WHAT TO PRODUCE
Please write out every entry below exactly, leaving out any pictures.

ENTRIES SHOWN
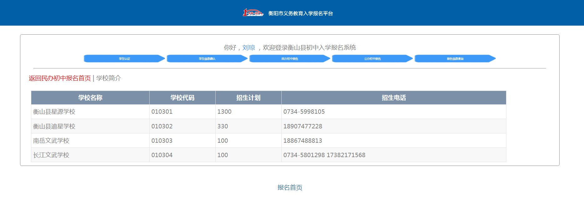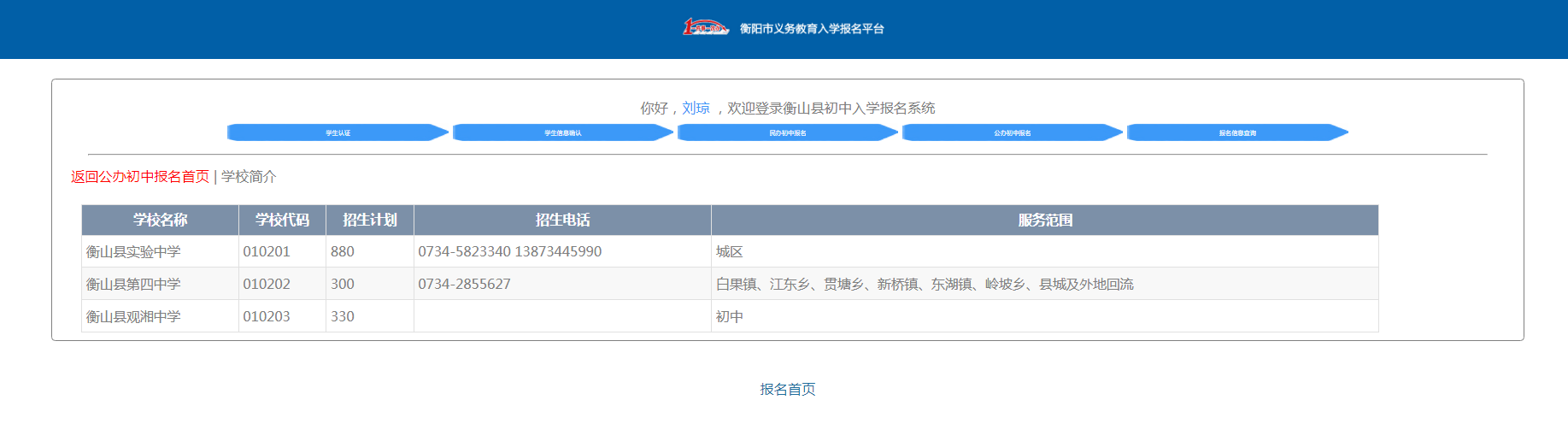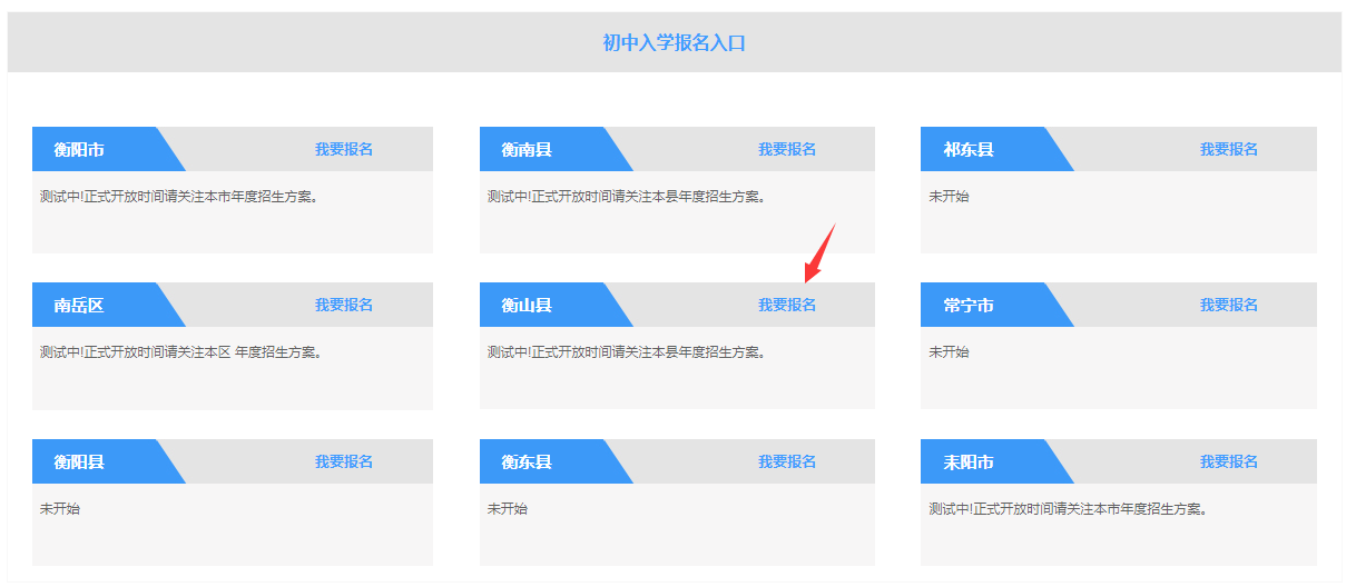學生家長實名注冊用戶並登錄,選擇行政區劃"衡陽",進入縣/市招生平台匯聚,選擇衡山縣初中入學報名係統進行報名。
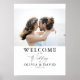 Sinal de boas-vindas de casamento com uma foto horizontal do casal. Escolha qualquer cor de fundo, altere as cores do texto etc., na ferramenta de edição.
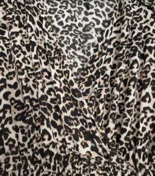 Vestido con estampado de leopardo, ideal para cualquier ocasión. - Diseño cruzado. - Cintura elástica. - Mangas largas.
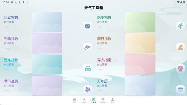 在工具箱页面查看,大家能看到运动、钓鱼、跑步等指数信息。
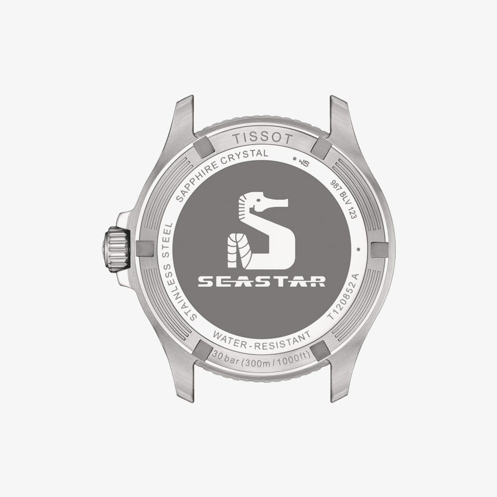 Combining all the essential features of a sports watch, this model is a timepiece you can trust—whether you're on land, in the water, or diving deep below the surface. The Seastar 1000 Quartz GMT is the ultimate aquatic companion. Its screw-down crown adds extra defence against impacts. Explore this new all-black diver’s watch, equipped with a black textured rubber strap and bold contrasting white hands and indexes.
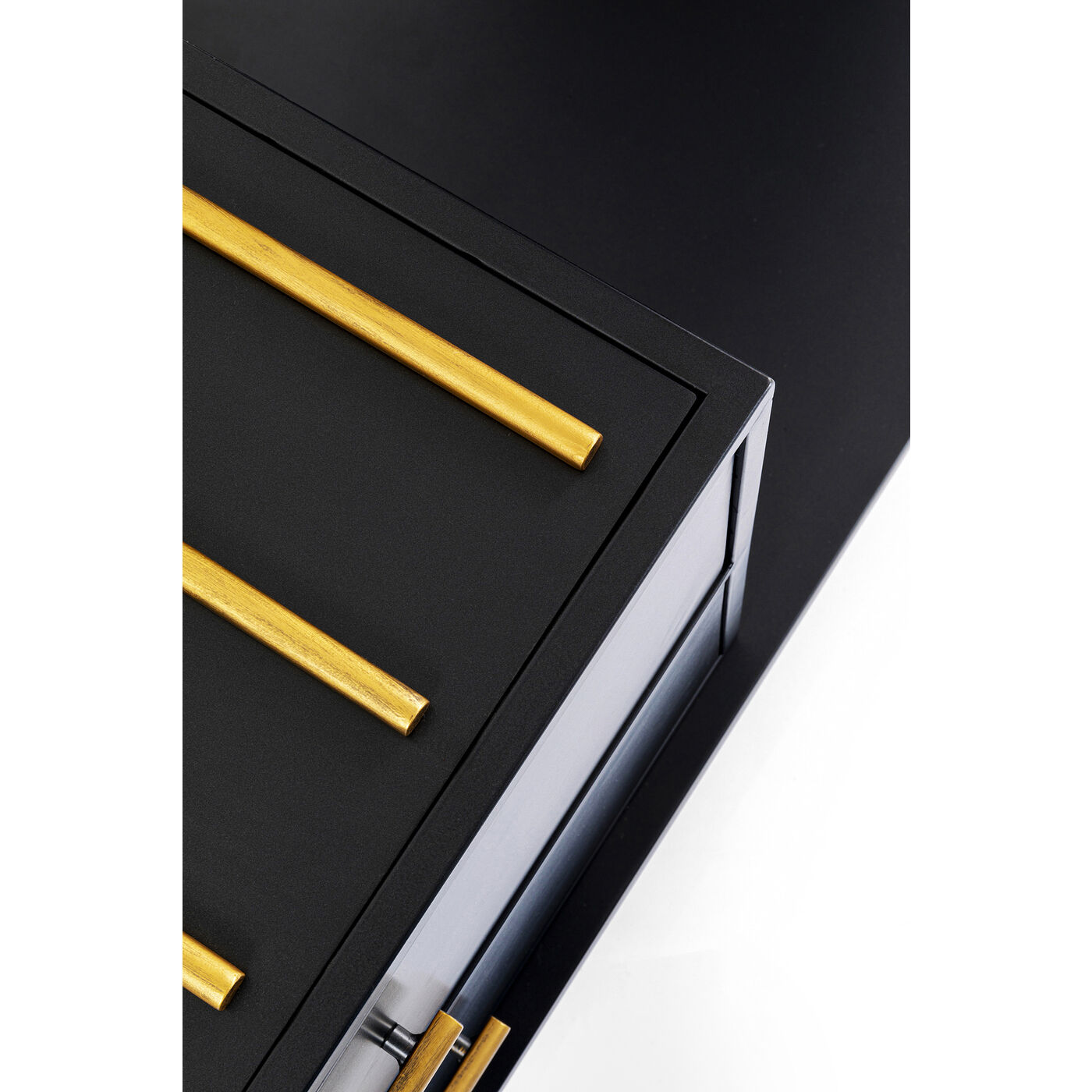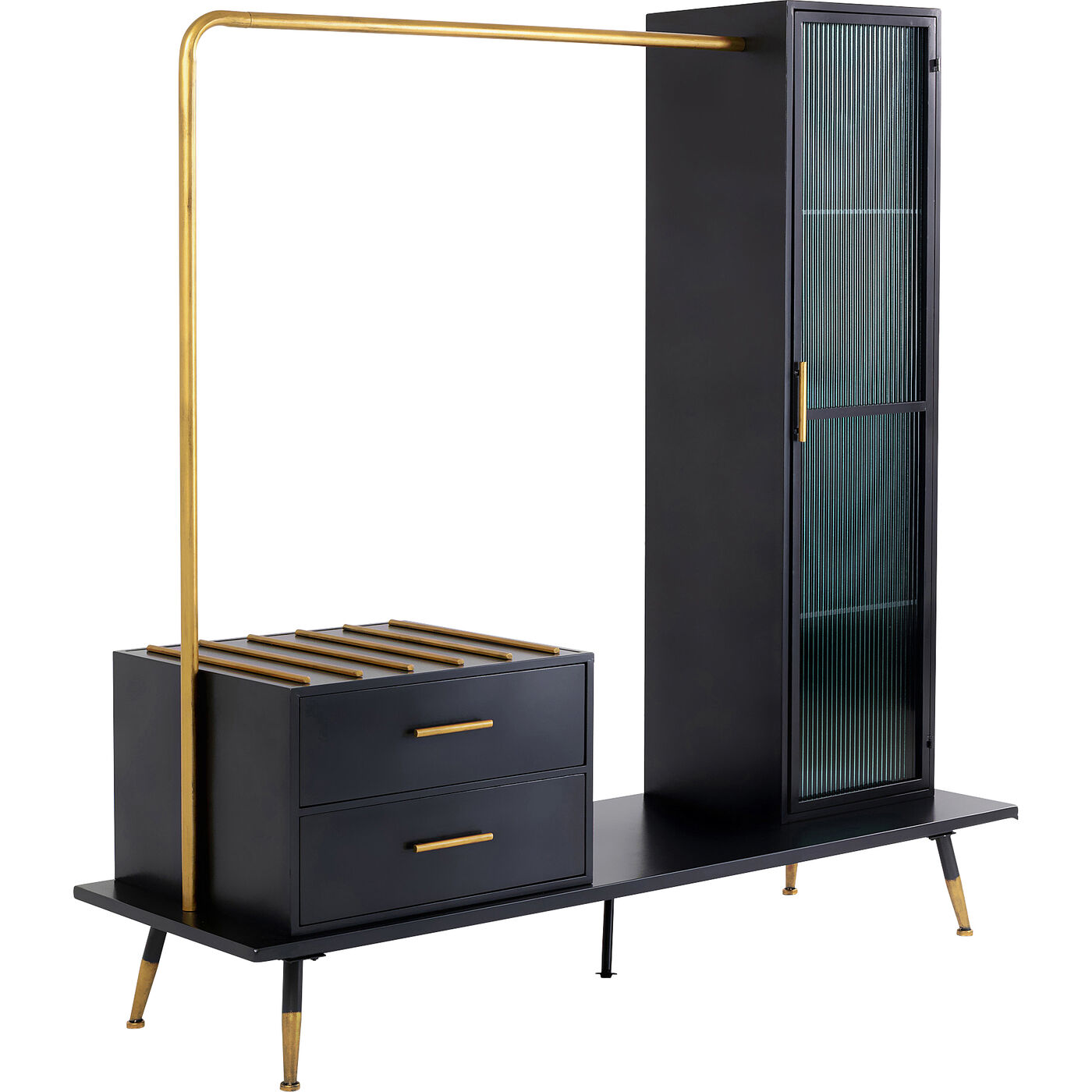 How do functionality and class go together? The answer is: outstandingly well! The La Gomera wardrobe in elegant black and gold is a treat for the eyes. What you can t see are the accessories that disappear inside the drawers, but everything you would like to show off will find space on the clothes rail or be displayed discreetly behind the fluted glass door. This wardrobe will give your hallway the kind of loft atmosphere that will convince your guests of your excellent taste as soon as they enter your home.

ANSWER FOR THIS EXERCISE
學生家長實名注冊用戶並登錄,選擇行政區劃"衡陽",進入縣/市招生平台匯聚,選擇衡山縣初中入學報名係統進行報名。
 Sinal de boas-vindas de casamento com uma foto horizontal do casal. Escolha qualquer cor de fundo, altere as cores do texto etc., na ferramenta de edição.
 Vestido con estampado de leopardo, ideal para cualquier ocasión. - Diseño cruzado. - Cintura elástica. - Mangas largas.
 在工具箱页面查看,大家能看到运动、钓鱼、跑步等指数信息。
 Combining all the essential features of a sports watch, this model is a timepiece you can trust—whether you're on land, in the water, or diving deep below the surface. The Seastar 1000 Quartz GMT is the ultimate aquatic companion. Its screw-down crown adds extra defence against impacts. Explore this new all-black diver’s watch, equipped with a black textured rubber strap and bold contrasting white hands and indexes.
 How do functionality and class go together? The answer is: outstandingly well! The La Gomera wardrobe in elegant black and gold is a treat for the eyes. What you can t see are the accessories that disappear inside the drawers, but everything you would like to show off will find space on the clothes rail or be displayed discreetly behind the fluted glass door. This wardrobe will give your hallway the kind of loft atmosphere that will convince your guests of your excellent taste as soon as they enter your home.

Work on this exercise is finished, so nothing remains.